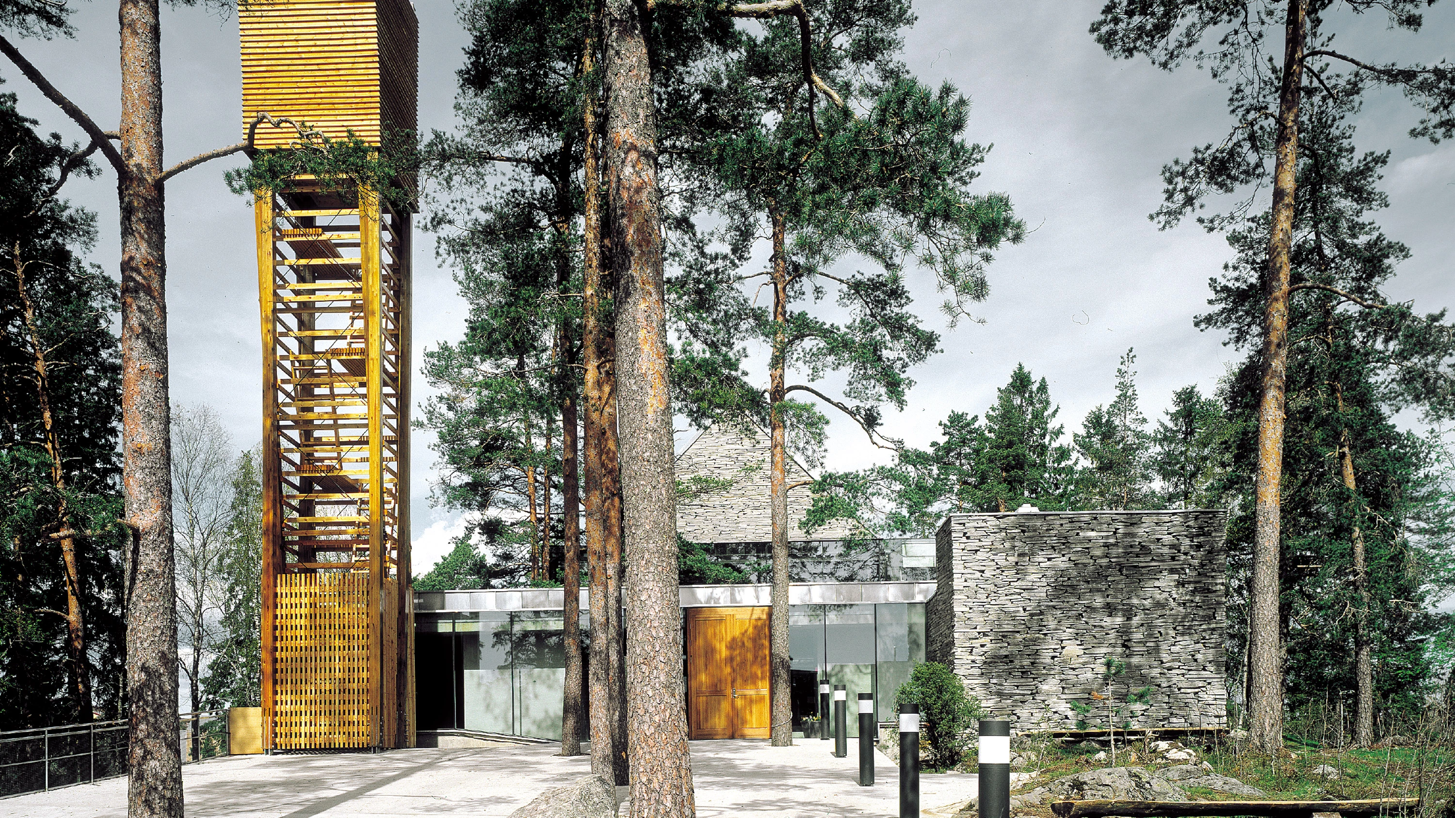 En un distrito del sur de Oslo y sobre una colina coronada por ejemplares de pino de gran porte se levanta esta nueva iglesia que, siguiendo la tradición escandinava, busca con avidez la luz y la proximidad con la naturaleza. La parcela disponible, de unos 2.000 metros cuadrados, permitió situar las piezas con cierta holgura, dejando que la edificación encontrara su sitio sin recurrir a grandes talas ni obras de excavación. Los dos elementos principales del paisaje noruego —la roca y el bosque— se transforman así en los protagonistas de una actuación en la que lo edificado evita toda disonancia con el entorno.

==

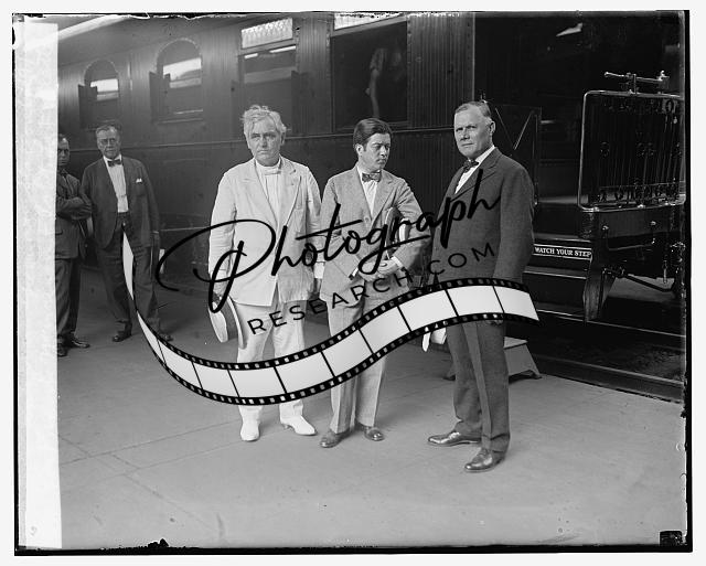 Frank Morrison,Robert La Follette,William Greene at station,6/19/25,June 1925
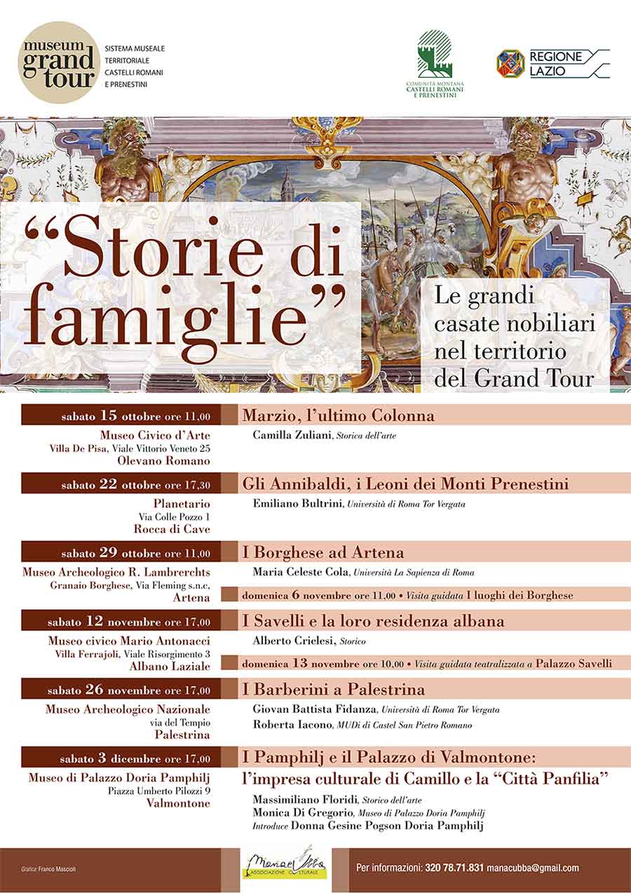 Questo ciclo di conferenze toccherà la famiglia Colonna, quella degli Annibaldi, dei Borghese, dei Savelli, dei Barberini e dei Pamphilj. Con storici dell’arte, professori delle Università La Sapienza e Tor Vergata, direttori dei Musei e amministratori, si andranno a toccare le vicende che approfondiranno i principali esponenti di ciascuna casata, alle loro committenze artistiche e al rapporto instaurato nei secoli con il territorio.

--

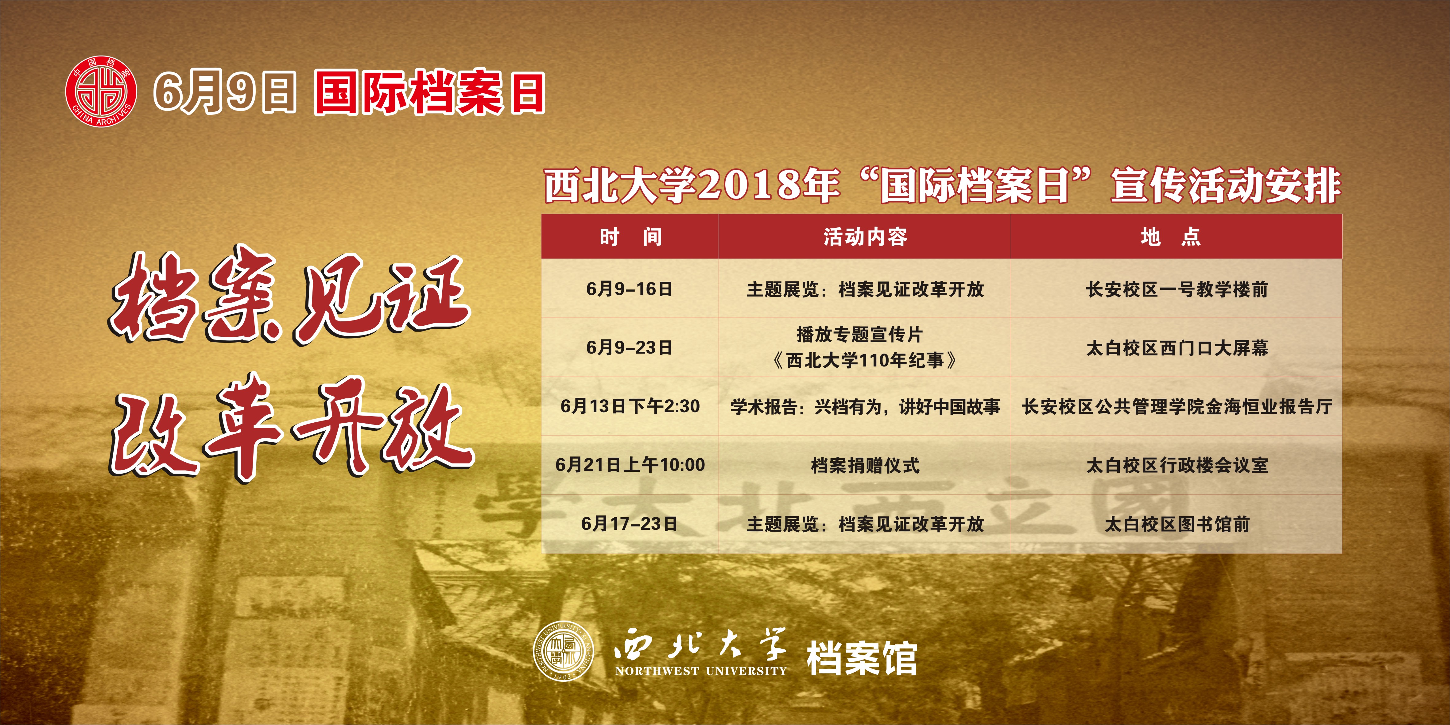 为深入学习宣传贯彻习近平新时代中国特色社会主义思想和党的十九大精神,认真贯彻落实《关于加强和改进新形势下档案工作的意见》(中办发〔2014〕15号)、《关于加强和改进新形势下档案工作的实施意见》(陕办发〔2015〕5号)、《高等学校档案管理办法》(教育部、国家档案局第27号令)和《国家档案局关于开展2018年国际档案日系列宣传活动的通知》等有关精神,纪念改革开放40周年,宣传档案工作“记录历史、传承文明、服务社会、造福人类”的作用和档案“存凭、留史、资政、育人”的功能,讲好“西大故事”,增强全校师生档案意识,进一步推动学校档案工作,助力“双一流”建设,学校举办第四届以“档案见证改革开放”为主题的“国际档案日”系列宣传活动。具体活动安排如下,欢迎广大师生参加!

__What the task requires__. Lines from the one above containing "Frank Morrison,Robert La" down to the one containing "Questo ciclo di" should be transcribed exactly, with both ends kept and no pictures.

__Expected answer__.
 Frank Morrison,Robert La Follette,William Greene at station,6/19/25,June 1925
 Questo ciclo di conferenze toccherà la famiglia Colonna, quella degli Annibaldi, dei Borghese, dei Savelli, dei Barberini e dei Pamphilj. Con storici dell’arte, professori delle Università La Sapienza e Tor Vergata, direttori dei Musei e amministratori, si andranno a toccare le vicende che approfondiranno i principali esponenti di ciascuna casata, alle loro committenze artistiche e al rapporto instaurato nei secoli con il territorio.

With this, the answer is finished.